Print nothing except the lines of the listing below from the line with "Gâteau d'anniversaire au" to the line with "这个项目全套使用LayOut", each exactly as written, both ends included.

▶ Supplied records:
━━━━

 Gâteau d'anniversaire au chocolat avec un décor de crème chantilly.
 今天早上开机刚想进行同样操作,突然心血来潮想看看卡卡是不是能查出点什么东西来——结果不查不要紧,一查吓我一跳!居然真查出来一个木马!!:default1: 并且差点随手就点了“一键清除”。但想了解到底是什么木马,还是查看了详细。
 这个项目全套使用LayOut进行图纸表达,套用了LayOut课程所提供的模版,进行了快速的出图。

━━━━

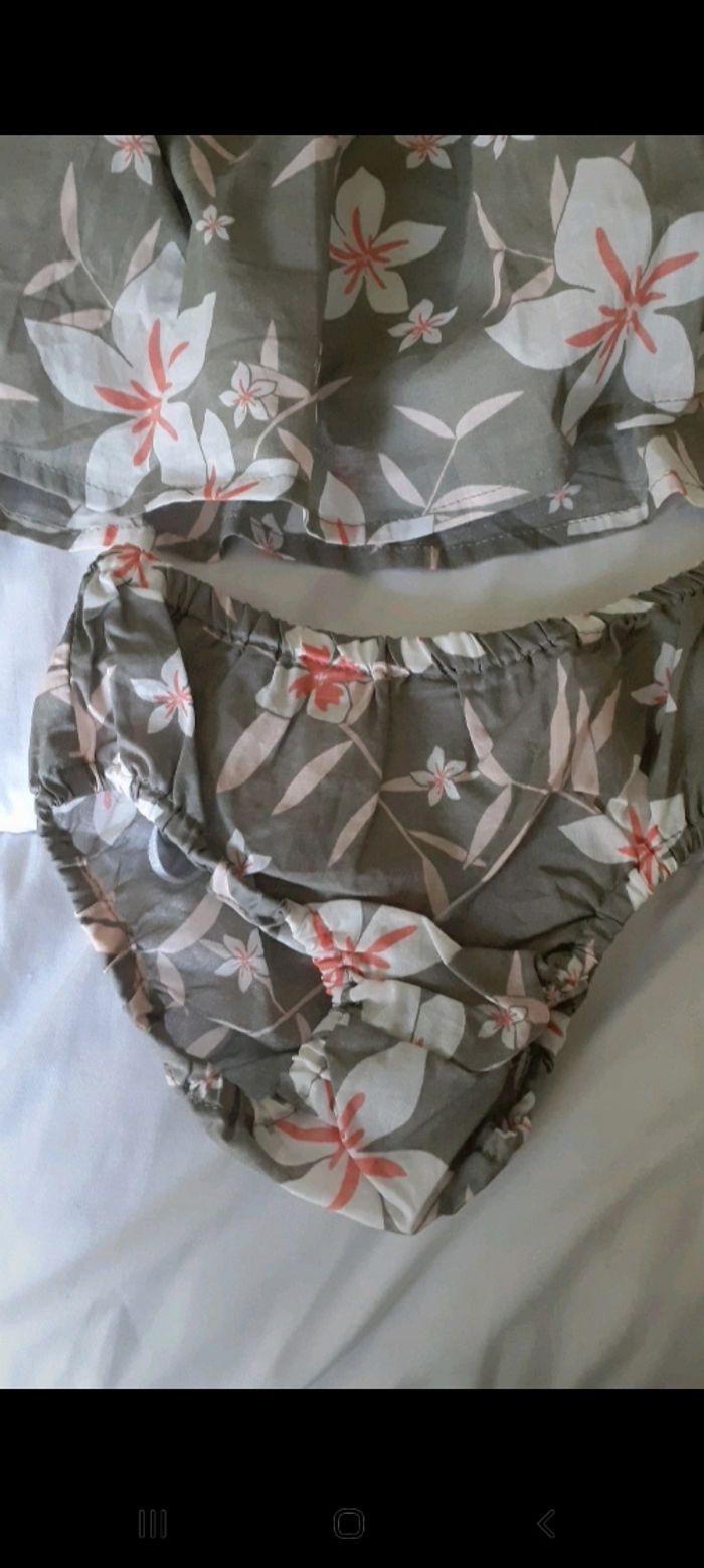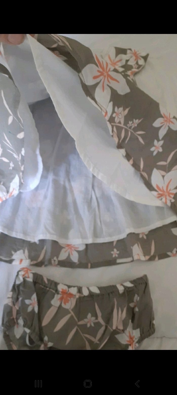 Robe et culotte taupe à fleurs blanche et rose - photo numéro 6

━━━━

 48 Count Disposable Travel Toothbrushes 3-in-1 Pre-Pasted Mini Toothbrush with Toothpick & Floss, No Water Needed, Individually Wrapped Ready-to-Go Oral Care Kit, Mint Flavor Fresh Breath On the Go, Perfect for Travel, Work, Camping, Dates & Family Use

━━━━

▶ Result for this task:
 Gâteau d'anniversaire au chocolat avec un décor de crème chantilly.
 今天早上开机刚想进行同样操作,突然心血来潮想看看卡卡是不是能查出点什么东西来——结果不查不要紧,一查吓我一跳!居然真查出来一个木马!!:default1: 并且差点随手就点了“一键清除”。但想了解到底是什么木马,还是查看了详细。
 这个项目全套使用LayOut进行图纸表达,套用了LayOut课程所提供的模版,进行了快速的出图。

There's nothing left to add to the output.